I’m not grasping this use of a wiki. Looks to me like a different way to format a thread. In this case, one that overlaps with aTbRef. Would probably be better to feed suggested updates on aTbRef to @mwra rather than start yet another reference file.
Maybe better clarity on what’s wiki, what’s content for aTbRef, what’s a conversation thread?
Thanks for the link to aTBRef. I didn’t see it. I’m fine if this message is deleted. Before asking a question I usually try to find it on aTBRef and in the forums.
You are right… . it is a different way to format a thread. Instead of asking my question, “why do notes have different backgrounds” and getting several responses I thought it would be helpful to share what I knew and have others fill in the blanks.
I see this entire discussion board as a reference file. My intention is to try to make it more useful. If it isn’t then I won’t do it.
FWIW, aTbRef is already to a large extent a summary of insights arising from 3 (4?) generations of TB community wikis/fora. It’s why aTbRef gets edited weekly if not daily. Indeed on first opening the thread I was already copying aTbRef links for a reply.
Whilst there is a link above to aTbRef on the content and type the note actually embraces this as well.
Not an auspicious start. I mean no disrespect to @Steve_Scott who’s motive is good. But this thread really reminds me why I hated using the old Tinderbox wiki. For all the good stuff there, 99% of posters assumed someone else would make their copy readable, link it etc.
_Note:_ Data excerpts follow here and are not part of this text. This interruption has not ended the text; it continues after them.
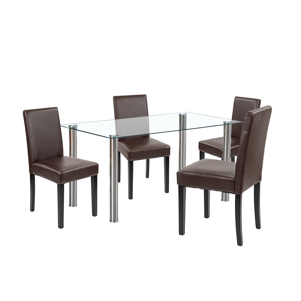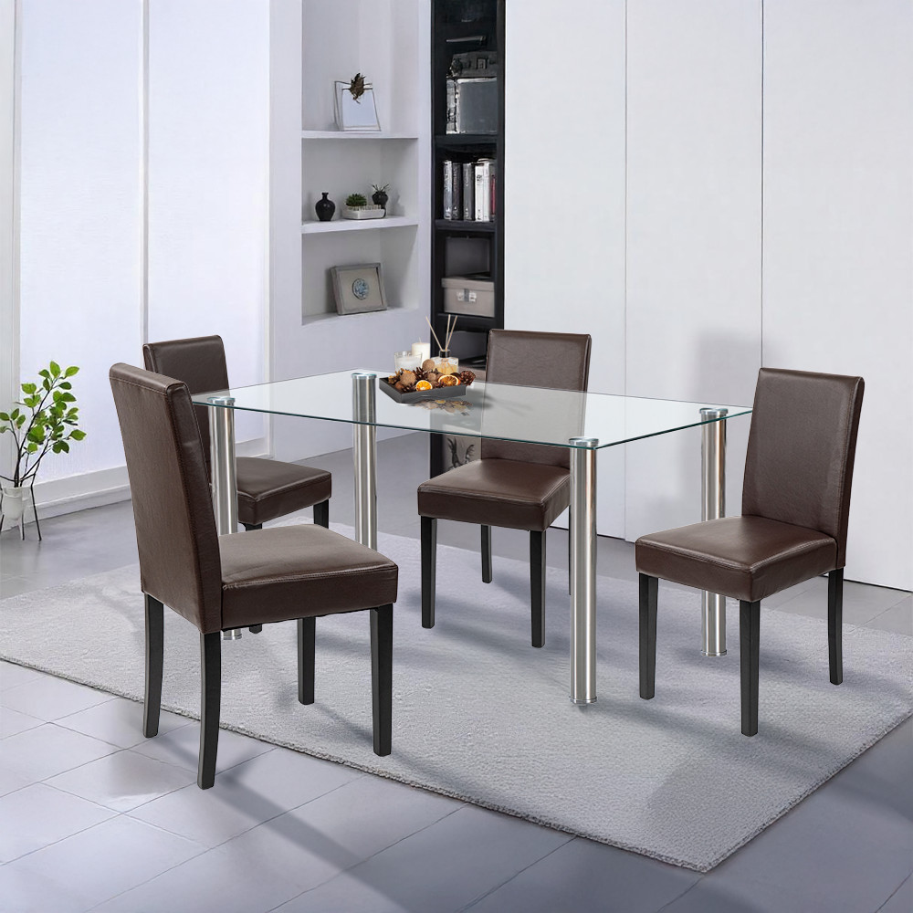 A szett négy darab Leziter Kelly széket is tartalmaz, amelyek barna ECO bőr kárpitozással készültek. Az elegáns megjelenés mellett ezek a székek rendkívül könnyen tisztíthatók. A 4 cm vastag habszivacs ülőfelület hosszabb étkezések során is komfortot nyújt, a stabil fenyőfa lábak pedig 120 kg teherbírással garantálják a hosszú távú megbízhatóságot.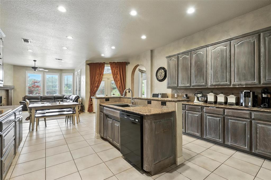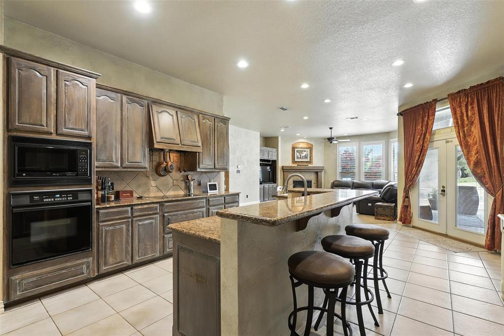 Inside, you'll find plenty of space for everyone. The open layout features tall cathedral ceilings, two cozy fireplaces, and gorgeous custom finishes throughout. The kitchen is ideal for family meals and gatherings, with granite countertops, a tile backsplash, and lots of counter space. There’s even a dry bar with a wine rack for hosting friends and family.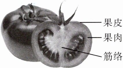 8 (2024·山东济宁任城区期末)取一个成熟的番茄果实,用开水烫一烫,撕下表皮,可以看到里面的果肉肥厚多汁。仔细观察,里面还有丝丝"筋络"。下列分析正确的是(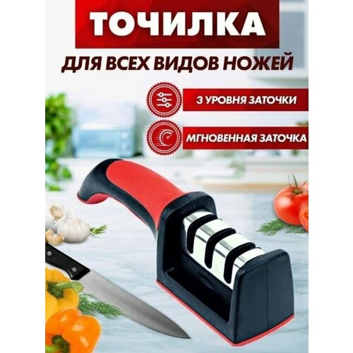 Точилка для ножей с 3-х этапной системой заточки / Ножеточка для всех типов ножей / Точило для ножей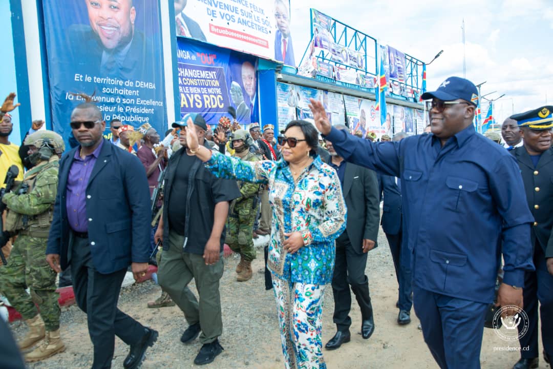 ont effectué une longue marche à pieds depuis l’aéroport jusqu’à la place de l’indépendance, au centre-ville de Kananga, où le premier des Congolais s’est adressé à la population venue en masse.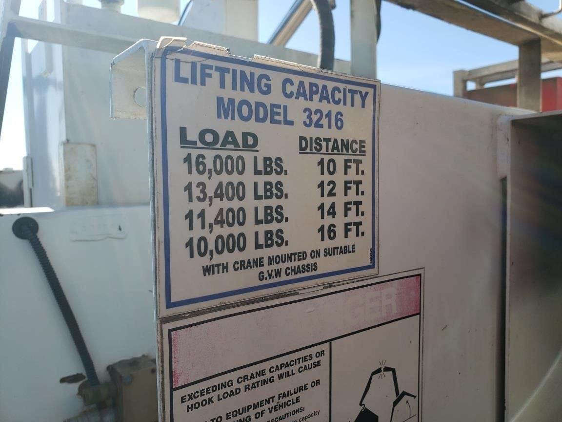 Double frame service truck with IMT 2820 3-section boom with 5,000 lbs. capacity, hydraulic stabilizers, 14'6" body, 12K front axle and 21K...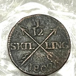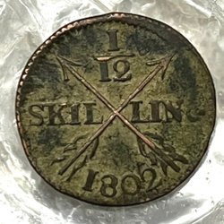 Ett 1/12 Skilling mynt präglat 1802. Värdet 1/12 skilling är tydligt markerat på myntet.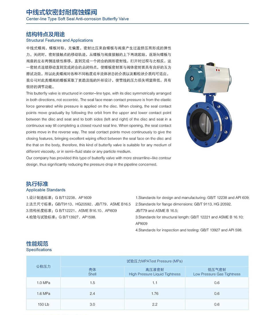 中線式軟密封耐腐蝕蝶閥

People would essentially ‘own’ a page (I don’t mean their actual biography/profile page), but rather people would page-squat and use that page to add content that ought to go elsewhere, essentially making it their private forum.
I put a lot of time and effort into keeping up this forum (and the Backstage, and aTBref, and demos, and…) but if I’m going to have to spend time every day making wiki edits into meaningful stuff, I think I may hang up my hat here as the admin load would be much higher for no real return. By all means have a wiki, but please not here—i.e. not in this forum/URL.
Also, please everyone, don’t even think of starting a wiki page here without first checking this information is not already covered elsewhere. This community is responsive and you’ll get a yes/no pretty fast. Otherwise we’ve unnecessary duplication and more confusion for learners who already think things are complicated.
Sorry if this sounds glass half empty, but please think about the behind-the-scences effort needs for usable wiki content: it’s much more than your imagine.
Let me row back a bit: I’ve messaged @Steve_Scott’s but I’ll note that fact here. His suggestion has merit: the devil is in the detail.
The point about the discoverability of info in aTbRef (or elsewhere) is an issue. Google refuses to index the site )I can’t get anyone competent to engage on why). That’s why I’ve added a DuckDuckGo search to all pages as a fall-back. aTbRef is hosted on my (shared, Linux) VPS, so I’m open to improvement ideas. For instance, is there an indexing tool I could put on my server so we don’t have to rely on Google, which keeps breaking its tools (move fast, break stuff: I know that’s the cool kids way)?
It is possible to download the aTbRef TBX and use Tinderbox to find topics, even if you then prefer to read them online.
The app help probably needs some manual indexing. The (HTML) pages for the helps are, you’ve guessed, made in a TBX so if not already indexed perhaps a volunteer could help with that. Indeed, perhaps we could set $Tags for key (all?) aTbRef notes. I think human curated indexing still tends to outdo machine-matching in terms of signal to noise, but it’s harder work.
@mwra, I tried to reply to your private message, but I accidentally replied here!
Thanks for your message in private and here. It is a challenge for me to find things because I sometimes don’t know the terms I’m looking for and evenif I have the correct terms I sometimes can’t find it.
Again, grateful for all of the people willing to help perennial tbx novices like me!
@Steve_Scott Take heart, you’re not alone on this one. We’ve recently (i.e. earlier today) a positive exchange in a different thread on the creating of a vocabulary map (aka a Tinderbox rosetta stone). It will be a lot of fun to work on this as the nuances in the language carry a lot of meaning.